[Stored records]
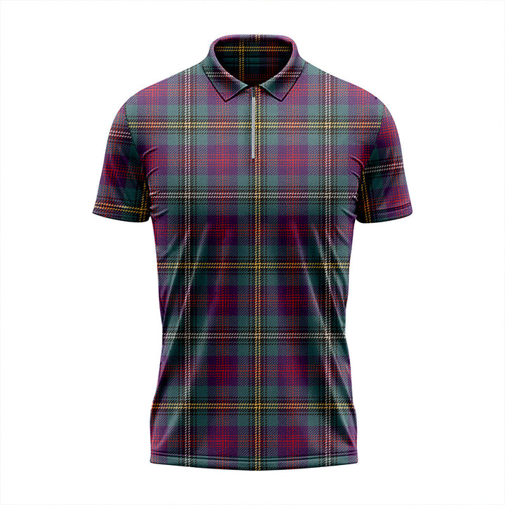 Wood Weathered Tartan Classic Lapel Zip Short Sleeve Polo
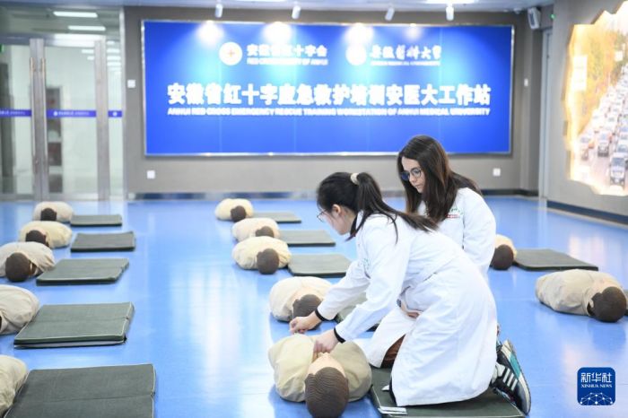 1月23日,章伯涵(后)在87978797威尼斯学习心肺复苏术。新华社记者 张端 摄
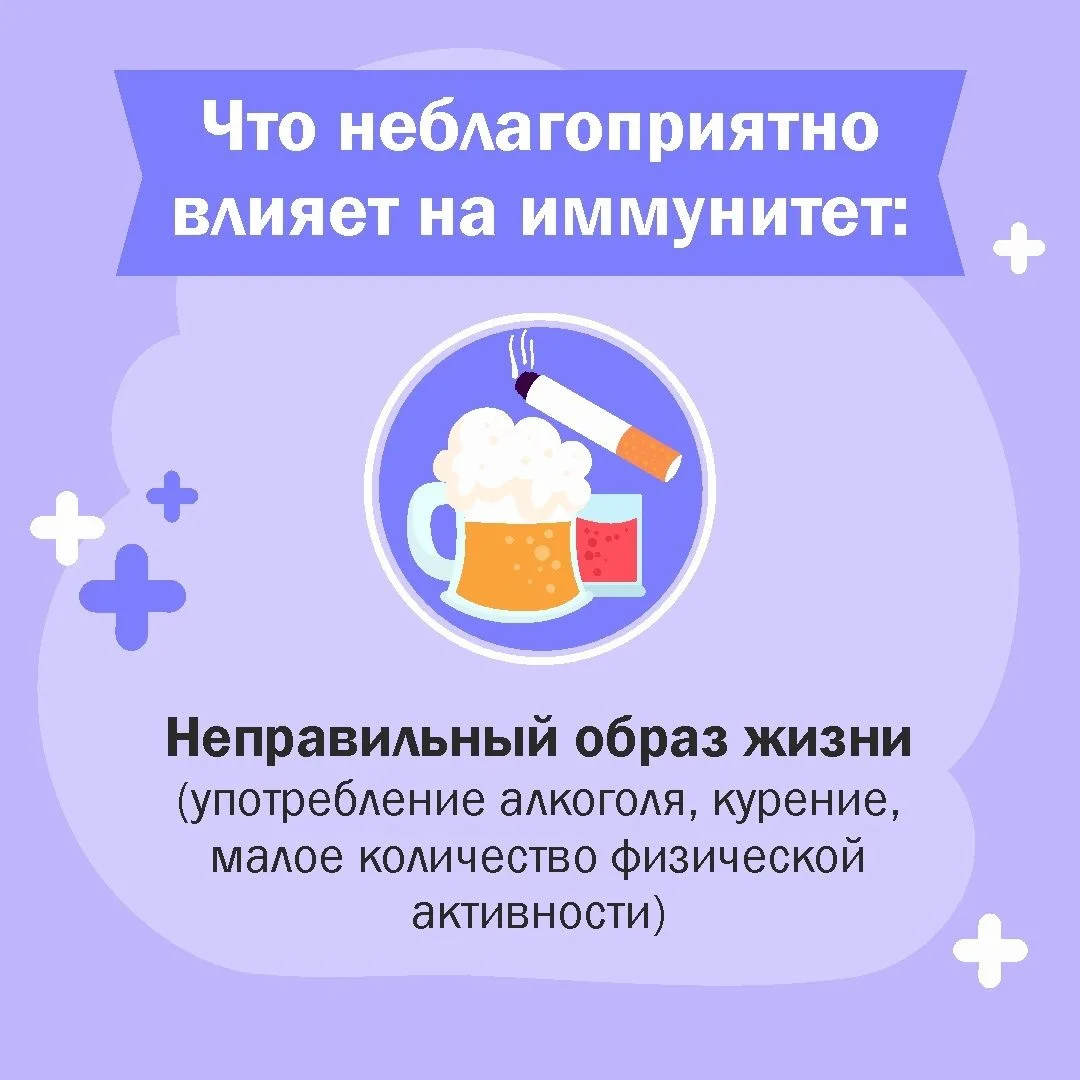 Курение и алкоголь буквально разрушают организм, а недостаток движения замедляет все обменные процессы, включая работу иммунных клеток.
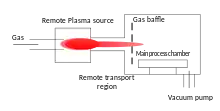 Plasma afterglow has shown to be an effective means of cleaning and sterilizing difficult to take apart machinery and glassware.[10][11] Plasma cleaning uses remote plasma sources to generate an afterglow that is ventilated into the system to be cleaned and then the afterglow ions react with the contaminants. When oxygen is used as the carrier gas, ionized oxygen species react with heavier organic compounds to form H2O, CO2, and CO. These products are then easily vented from the system effectively removing organic contaminants from the system.[12] This provides the advantage of not having to take systems apart and thus saves time on disassembly and on vacuum systems it saves time changing the pressure of the system.
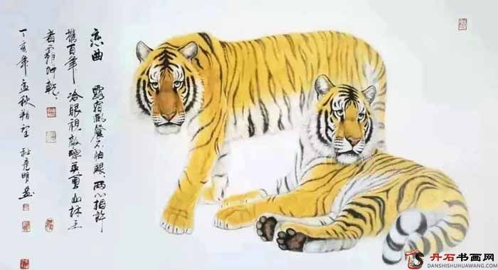 由于長期對虎的觀察和研究,他對虎的骨骼、肌肉、體態(tài),了如指掌,故其虎畫作品結(jié)構(gòu)嚴(yán)謹(jǐn),形神俱備,鮮活逼真,意態(tài)如生。他筆下的虎有行、伏、臥、蹲、躍、食、眠、嬉等多種姿態(tài),造型準(zhǔn)確,設(shè)色富麗。既表現(xiàn)虎嘯山林,懾人心魄的氣勢,又細(xì)致入微的表現(xiàn)灑脫自然的虎子溫情,無不傳神。其畫或取虎的兇猛彪悍,或取虎的嫵媚多姿,或取虎的伶俐乖巧,或怒吼,或嬉戲,或憩息,姿態(tài)各異。雄虎昂首長嘯,聲撼山谷;雌虎伏地養(yǎng)息,怡然自得;小虎則倚在雌虎背上挑逗嬉戲,稚態(tài)可掬。將虎威與虎愛融為一體,情趣盎然,美不勝收。
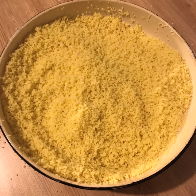Une fois la semoule cuite et refroidi ,égrainez la .(toute la semoule doit être fluide)

WORK REQUIRED: Start at the top line above and repeat the records verbatim, leaving images out.

RESPONSE TO THE EXERCISE:
 Wood Weathered Tartan Classic Lapel Zip Short Sleeve Polo
 1月23日,章伯涵(后)在87978797威尼斯学习心肺复苏术。新华社记者 张端 摄
 Курение и алкоголь буквально разрушают организм, а недостаток движения замедляет все обменные процессы, включая работу иммунных клеток.
 Plasma afterglow has shown to be an effective means of cleaning and sterilizing difficult to take apart machinery and glassware.[10][11] Plasma cleaning uses remote plasma sources to generate an afterglow that is ventilated into the system to be cleaned and then the afterglow ions react with the contaminants. When oxygen is used as the carrier gas, ionized oxygen species react with heavier organic compounds to form H2O, CO2, and CO. These products are then easily vented from the system effectively removing organic contaminants from the system.[12] This provides the advantage of not having to take systems apart and thus saves time on disassembly and on vacuum systems it saves time changing the pressure of the system.
 由于長期對虎的觀察和研究,他對虎的骨骼、肌肉、體態(tài),了如指掌,故其虎畫作品結(jié)構(gòu)嚴(yán)謹(jǐn),形神俱備,鮮活逼真,意態(tài)如生。他筆下的虎有行、伏、臥、蹲、躍、食、眠、嬉等多種姿態(tài),造型準(zhǔn)確,設(shè)色富麗。既表現(xiàn)虎嘯山林,懾人心魄的氣勢,又細(xì)致入微的表現(xiàn)灑脫自然的虎子溫情,無不傳神。其畫或取虎的兇猛彪悍,或取虎的嫵媚多姿,或取虎的伶俐乖巧,或怒吼,或嬉戲,或憩息,姿態(tài)各異。雄虎昂首長嘯,聲撼山谷;雌虎伏地養(yǎng)息,怡然自得;小虎則倚在雌虎背上挑逗嬉戲,稚態(tài)可掬。將虎威與虎愛融為一體,情趣盎然,美不勝收。
Une fois la semoule cuite et refroidi ,égrainez la .(toute la semoule doit être fluide)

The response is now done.